HIV retinopathy is a microvasculopathy that causes peripapillary hemorrhages, microangiopathy, and cotton-wool spots in retinae that have not been secondarily infected [9, 10, 33, 34]. Inner retinal thinning was previously reported with OCT and scanning laser polarimetry of low CD4 eyes, with inferior thinning being more prominent [12, 13]. RNFL thinning was found even in patients with good immune status in the HAART era [35]. Retinal microinfarctions may be responsible for the RNFL defects and field deficits. Similar findings were also reported in HIV-positive children using the third-generation OCT [36]. Although fields from high CD4 eyes appear mostly normal to human perimetric experts, this study found that the trained machine learning classifiers and MD could each distinguish between eyes from high CD4 patients and normal eyes.

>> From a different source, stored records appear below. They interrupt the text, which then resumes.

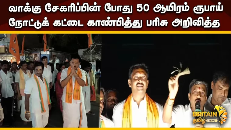 வேடசந்தூர் அருகே வாக்கு சேகரிப்பின் போது 50 ஆயிரம் ரூபாய் நோட்டுக் கட்டை காண்பித்து பரிசு அறிவித்த கரூர் பா.ஜ.க வேட்பாளர் செந்தில்நாதன் உள்ளிட்ட 5 பேர் மீது வடமதுரை போலீசார் வழக்குப்பதிவு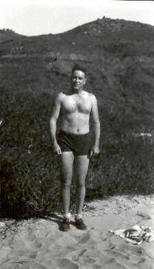 Unidentified man in dark bathing trunks, shoes and gym socks, stands in the sand in front of a bramble bush with the mountain rising up behind him. He looks directly at the camera with his arms straight down at his sides. A rumpled beach towel is on the sand off to the side of himCollection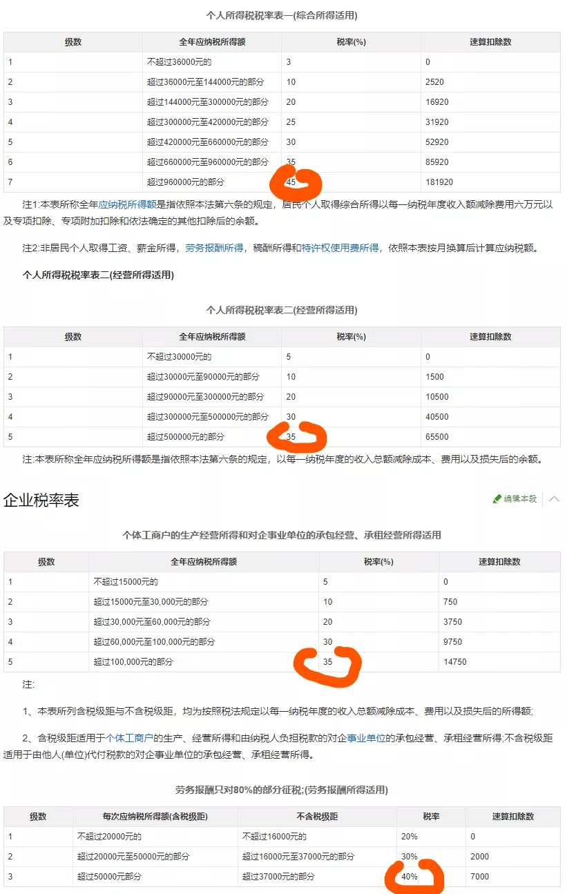 於此同時,針對高收入人群的稅收再分配,提高高收入群體的所得稅稅率,這也是個趨勢。舉例大家就能明白了,如下四張主要是針對個人的所得稅稅率表,你認真看下,尤其我標出來的那四個最高稅率,從35%到45%不等。

Pattern recognition has proved extremely useful in this clinical scenario. Even if testing the visual field in HIV patients currently does not have the same relevance for managing patients as it does in glaucoma, it has served to uncover information about the disease process. To assist the management of patients with HIV, a future approach could be the establishment of threshold values for MD or for SVM that would enable identification of individuals who have retinal damage.

SVM, especially when the feature set is optimized by dimensionality reduction, is a sensitive classification method that approaches the performance of the theoretical optimal classifier for classifying visual fields [16, 18, 24, 25]. Optimized machine learning classifiers appear to be a valid approach to detecting subtle abnormalities in medical tests with complex multidimensional measurements. This concept was demonstrated in our previous report analyzing complex datasets from mfERG in HIV-positive patients [15].

In summary, we have confirmed that eyes from low CD4 HIV patients have visual field measurements indicating retinal damage, and that high CD4 eyes also have retinal damage. We have demonstrated that a generalized learning classifier, SVM, is effective at learning which eyes have field defects, even when these defects are subtle, and we have discovered that MD, a statistical classifier tuned to visual field data, is also effective in distinguishing both high CD4 fields and low CD4 fields from normal. An important message to people at risk of HIV and to their providers is that HIV infection may produce ocular damage under HAART, even if there is good immune status.